Monitor British data rules, commission urged
The Europea Data Protection Board (EDPB) has welcomed the “continuing alignment” between Britain's and Europe’s data-protection framework, despite the recent changes in Britain’s legal framework.
The data body was giving its views on the European Commission’s proposal to renew two decisions that provide organisations based in the EU with a legal basis for transferring personal data to Britain.
EU law allows the transfer of personal data outside the European Economic Area (EEA) only if such a third country is considered to have laws essentially equivalent to those that safeguard personal data inside the EEA.

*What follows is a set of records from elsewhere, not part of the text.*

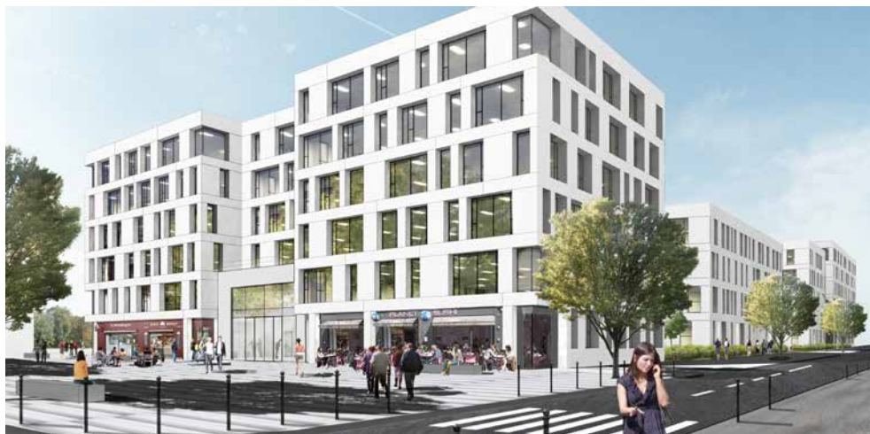
■ Architecte : Simonetti-Malaspina & Associés.

Le cœur du Campus sera entièrement paysager, agrémenté de bassins, et organisé autour d'une allée piétonne privée traversante pouvant accueillir le public dans la journée. On pourra passer tout naturellement de la rue au jardin, et du jardin aux bureaux. Premier coup de pioche annoncé pour mai 2017, pour une livraison de cette première phase fin 2018. ■
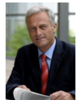
Dr. Peter Ramsauer Bundesminister für Verkehr, Bau und Stadtentwicklung Bewusstsein für Infrastrukturprojekte schärfen - Für eine neue Kultur der Bürgerbeteiligung
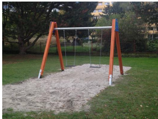
Obrázek 6: Nový herní prvek - zahrada

The commission is proposing to extend the validity of Britain’s adequacy decisions under and the (LED) for six years when they expire at the end of this year.
Changes to 2023 act
The EDPB said that most of the changes introduced to Britain’s data-protection framework aimed to “clarify and facilitate” compliance with the law.
It added, however, that some aspects of the commission’s draft decision could be further clarified.

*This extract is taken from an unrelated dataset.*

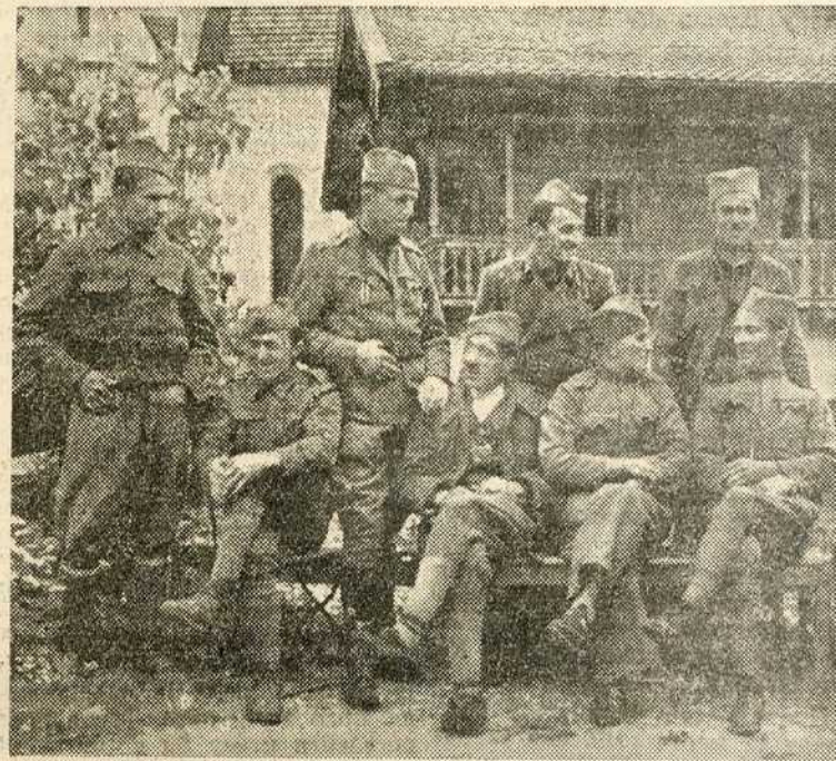
Група српских заробљеника који раде на једном сељачком газдинству у Немачкој

It called on the commission to “further analyse and monitor” changes to the Retained EU Law (Revocation and Reform) Act 2023, in particular the removal of the principle of primacy of EU law and the removal of the direct application of the principles of EU law.
New powers
The EDPB also noted that the relevant British minister had been granted new powers to introduce changes to the new data-protection framework through secondary regulations, which require less parliamentary scrutiny.
The EDPB also urged the commission to “further elaborate” its assessment and monitor the rules on transfers from Britain to third countries.
It said that a new British adequacy test, introduced by the Data (Use and Access) Act 2025, did not refer to the risk of government access, the existence of redress for individuals, and the need for an independent supervisory authority in third countries.